By using these technological aids, you can help ensure safe and successful flights within visual line of sight. However, it's important to remember that these aids are not a substitute for responsible piloting and adherence to regulations.

VLOS and Public Safety

Visual Line of Sight (VLOS) is important for ensuring the safety of people, property, and other aircraft in the vicinity.

For public safety agencies, VLOS is especially important. These agencies may use drones to search for missing persons, monitor traffic, or assess damage after a natural disaster. In these situations, the safety of human life and property is paramount. By maintaining VLOS, drone pilots can ensure that they are able to react quickly to any potential hazards.

In addition to public safety agencies, VLOS is also important for individuals who use drones for recreational or commercial purposes. Whether you are flying a drone for fun or using it for business purposes, it is important to ensure that you are operating it safely and responsibly. By maintaining VLOS, you can help to ensure that your drone does not pose a risk to other people or property.

Future of VLOS in Drone Technology

In the future, VLOS will continue to play a critical role in drone technology. For example, the development of extended visual line of sight (EVLOS) technology will allow drone operators to fly their drones beyond their line of sight, while still maintaining control over the drone. This technology will be particularly useful in situations where the drone needs to fly long distances or operate in difficult terrain.

Another area where VLOS will be important is in the development of Detect and Avoid technology for drones. This technology will allow drones to detect and avoid obstacles in their flight path, even when the operator is not able to see them. As drone technology continues to evolve, it is expected that detect and avoid technology will become more advanced, allowing drones to operate safely and autonomously in a wide range of environments.

Overall, the future of VLOS in drone technology looks bright. As drones become more advanced and more widely used, the importance of VLOS in ensuring safe and responsible drone operation will only continue to grow. Whether you are a drone operator or simply interested in the future of technology, it is clear that VLOS will play a critical role in the development of drone technology in the years to come.

Frequently Asked Questions

1 - What are the responsibilities of a visual observer (VO) when flying a drone?

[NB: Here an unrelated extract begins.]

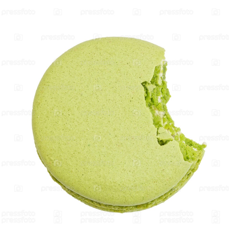 Макарон фисташки укуса крупного плана изолированный на белизне. Вид сверху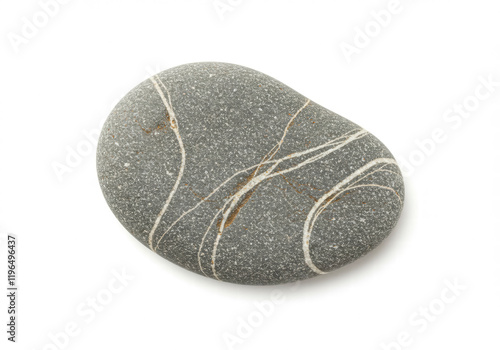 Grey sea pebble with textured surface isolated on white background ideal for zen spa and cosmetic concepts

A visual observer (VO) is responsible for keeping the drone in sight at all times and assisting the remote pilot in command (RPIC) with maintaining situational awareness. The VO must also be able to communicate effectively with the RPIC to ensure safe drone operations.

2 - What is the maximum distance for VLOS when flying a drone?

The maximum distance for visual line of sight (VLOS) when flying a drone depends on the drone's size, altitude, and lighting conditions. Generally, the maximum distance for VLOS is around 1 mile or 1.6 kilometers.

3 - What is the minimum range for VLOS when flying a drone?

The minimum range for VLOS when flying a drone is the distance at which the drone can be safely operated without endangering people or property on the ground. This distance varies depending on the drone's size, speed, and altitude.

4 - What are the regulations regarding line of sight waivers for drones?

The regulations regarding line of sight (LOS) waivers for drones vary by country and region. In general, LOS waivers are granted on a case-by-case basis and require the drone pilot to demonstrate their ability to fly the drone safely beyond visual line of sight.